IL EST DES SPECTACLES dont l’oeil ne se lasse pas. Il avait suffi de quelques minutes de patience pour que le rayon de soleil traversât la fenêtre latérale et s’introduisît dans le choeur de l’église. Porté par la douceur matinale de ce beau mois de mai, le rai lumineux s’en vint caresser la figure du Christ en croix suspendu à la poutre de la gloire de la croisée du transept. Chaque fois que l’occasion lui en était offerte, l’archevêque de Reims se plaisait à venir dans son église à cette heure matinale. Hervé éprouvait le sentiment unique et presque jubilatoire d’assister à la renaissance du Seigneur, chaque jour répétée et néanmoins chaque jour différente.

Dès que le petit miracle quotidien eut lieu, il se retira dans la sacristie où son cuisinier lui avait préparé un solide viatique pour entamer la journée. L’archevêque n’était point homme à se contenter des nourritures spirituelles, il succombait volontiers au péché de gourmandise et sa formidable gloutonnerie était, disait-on, célèbre jusqu’aux palais et aux églises de Rome. La satisfaction se lut sur son visage lorsqu’il découvrit le festin qu’on lui avait préparé : cuisses de poulet mijotées aux pommes rouges, gruau d’avoine, pain de seigle, miel du rucher de l’abbaye, fromage à pâte dure, vin de la vigne de l’évêché ; rien ne manquait pour le mettre de bonne humeur. Il était d’autant plus satisfait qu’il avait réussi à ne point songer à l’entrevue qu’il devait avoir avec le Roi.

Entre les deux hommes, il n’y avait certes jamais eu beaucoup de sympathie, mais au fil des années, ce sentiment de froide indifférence s’était mué en méfiance. L’autorité de Charles était de plus en plus contestée par ses barons. Nombreux étaient ceux qui lui reprochaient son manque de poigne ainsi que sa trop grande propension à se laisser gouverner par ses désirs, plutôt que de mener convenablement les affaires de l’État.

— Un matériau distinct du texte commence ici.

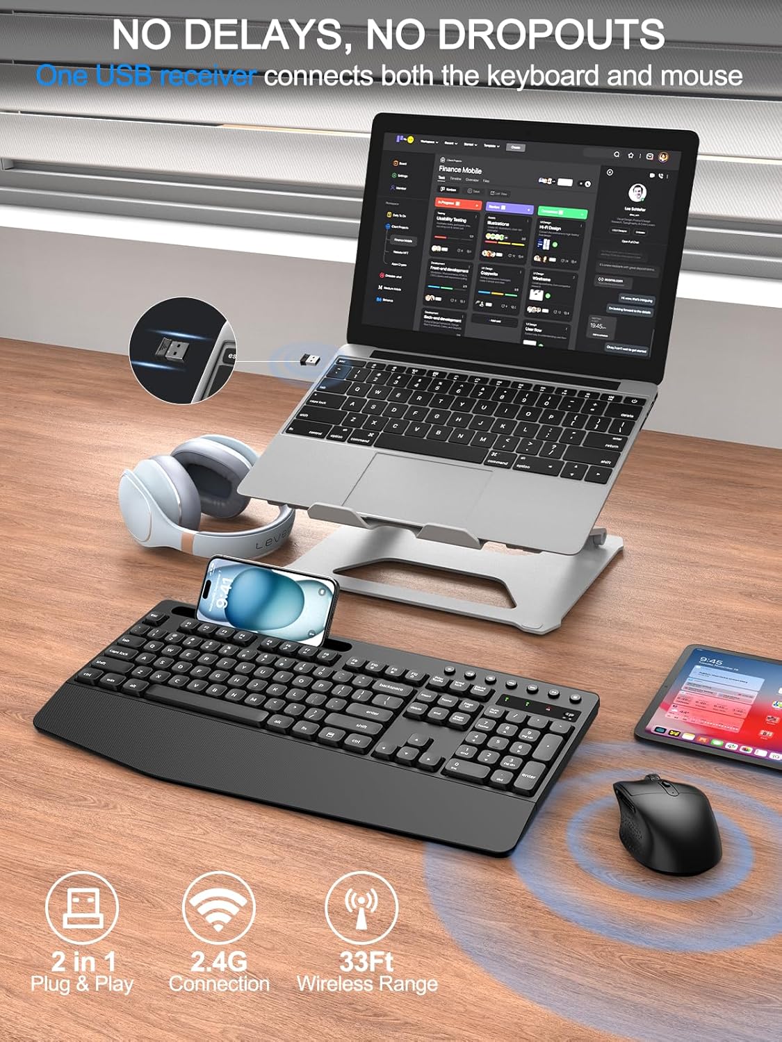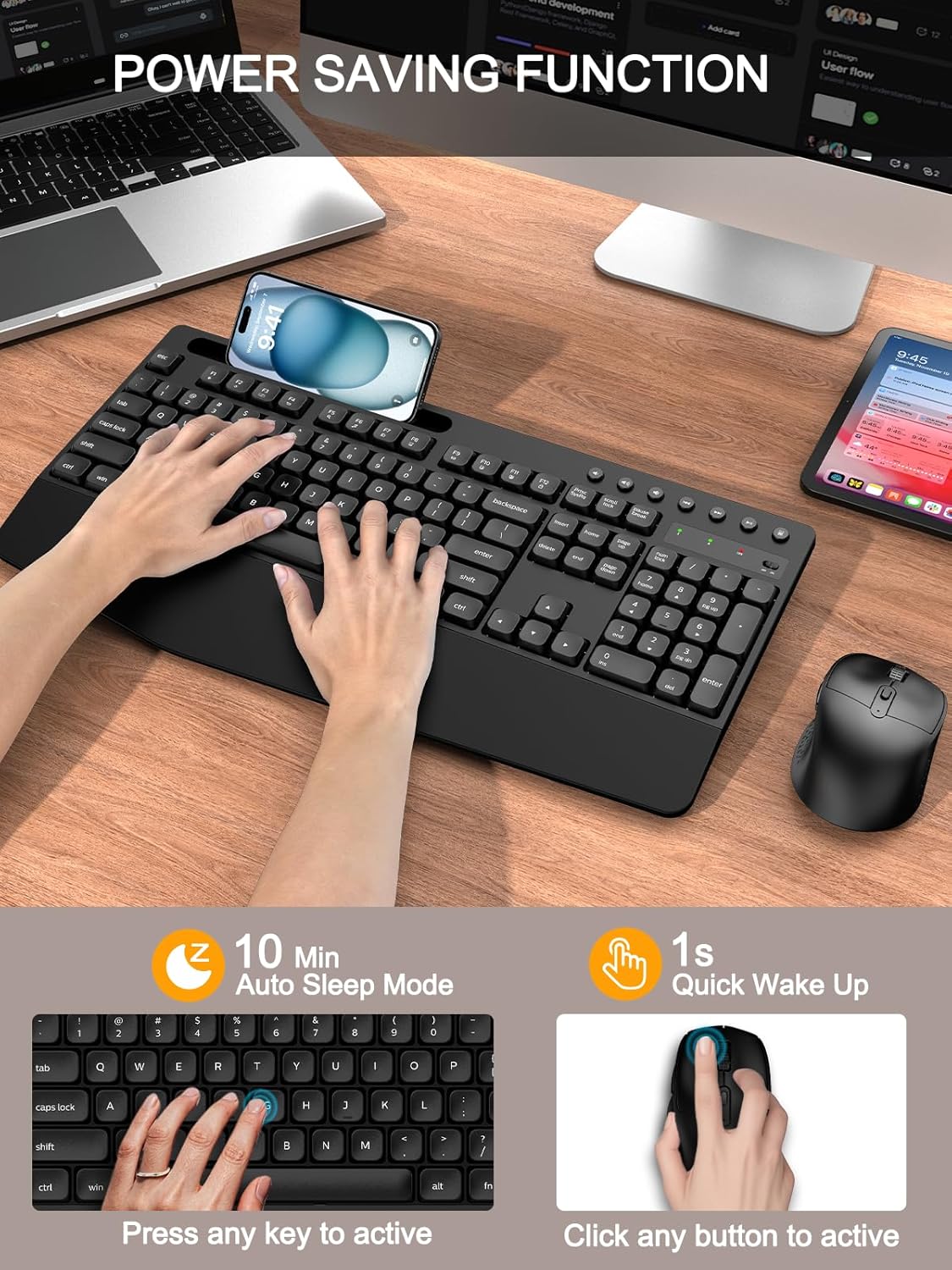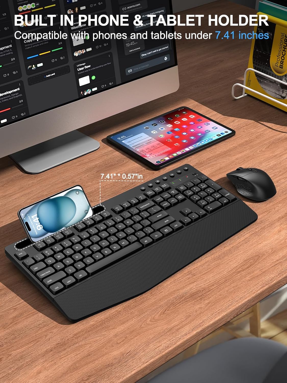 【Phone & Tablet Holder】This full-size keyboard includes a built-in holder for phones and tablets up to 11.9 inches, perfect for multitasking and ensuring you never miss anything important.
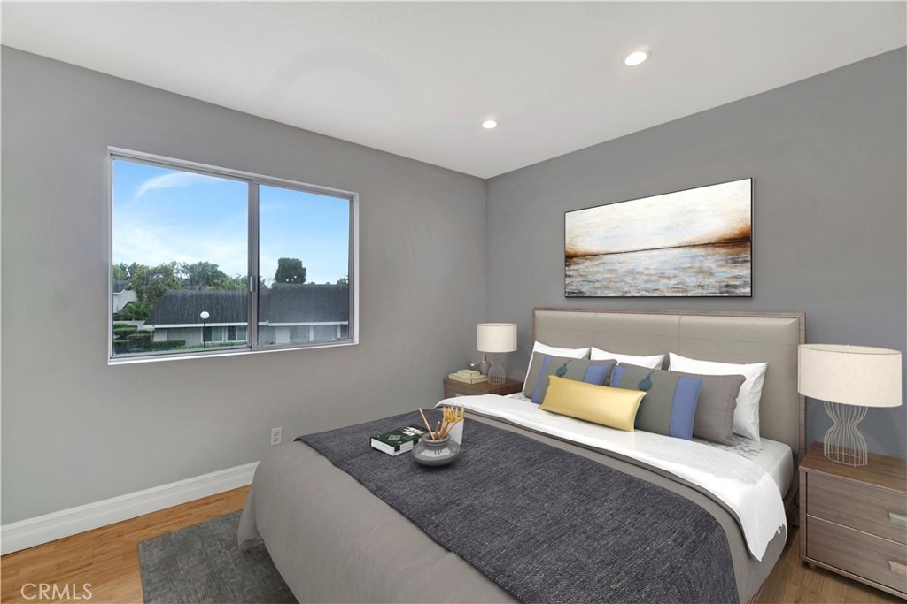 Nestled in the heart of beautiful Lake Forest, this charming and rare two story 4 bedroom, 2.5 bath, two-car garage residence will captivate you with its extraordinary features. As you step through the private gated entrance to the main door, you are welcomed into an open concept living room that seamlessly transitions into the dining room and kitchen. The kitchen offers elegant white cabinets, appealing granite counter tops, and modern stainless steel double sink and faucet. The first floor is covered by classic ceramic tiles that are waterproof and durable. Double pane windows and recessed lighting throughout the living room and dining room brighten up the space with both natural lighting and comfort. The lush private patio area is perfect for entertaining family and friends. The two-car attached garage protrudes out from the main house so that the garage does not disturb the residents. As you head upstairs, wood flooring encompasses the staircase and all spacious bedrooms. Situated in the perfect location, this home offers easy access to the community pool, clubhouse, and tennis court. Also very accessible to schools, shopping, parks, and hiking trails.

L’archevêque Hervé mordit à pleines dents dans une deuxième cuisse de poulet tandis qu’il nourrissait ces pensées accusatrices à l’égard de son souverain. Après tout, il y avait un temps pour tout dans la vie : un pour le plaisir et un autre pour le devoir. Et si le Roi lui-même n’en était pas conscient, il fallait vraiment que sa famille ne fût plus que l’ombre de ce qu’elle avait été. En soupirant, l’archevêque trempa un morceau de pain de seigle dans le miel et songea au règne du grand roi Charles, celui qui avait été se faire couronner à Rome et qui avait rendu sa fierté et sa grandeur à une terre trop longtemps en proie à l’anarchie, à la disette et aux fausses idoles. Pourquoi fallait-il qu’un sang aussi noble et pur que celui de Charlemagne se pervertît aussi vite à travers ses descendants ? Le faible Charles III n’était que le pâle reflet de son aïeul et l’ecclésiastique était convaincu que l’entretien singulier qu’il lui avait demandé lui apporterait une nouvelle preuve de ses limites.

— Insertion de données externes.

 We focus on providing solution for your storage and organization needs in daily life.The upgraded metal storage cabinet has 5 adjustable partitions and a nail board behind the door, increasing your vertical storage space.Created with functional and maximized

L’archevêque reconnut son serviteur Martin à sa manière très personnelle et assez nonchalante de courir tout en laissant traîner ses sandales de cuir sur le pavement de l’église. Il ne fut donc pas étonné de le voir surgir dans la sacristie, la mine défaite, comme si le plus grand des drames venait de toucher le royaume. C’était là un autre trait de caractère du jeune homme qui était toujours en proie à la panique, même pour le plus futile des prétextes.

— Monseigneur, articula Martin avec difficulté, le... le Roi est arrivé.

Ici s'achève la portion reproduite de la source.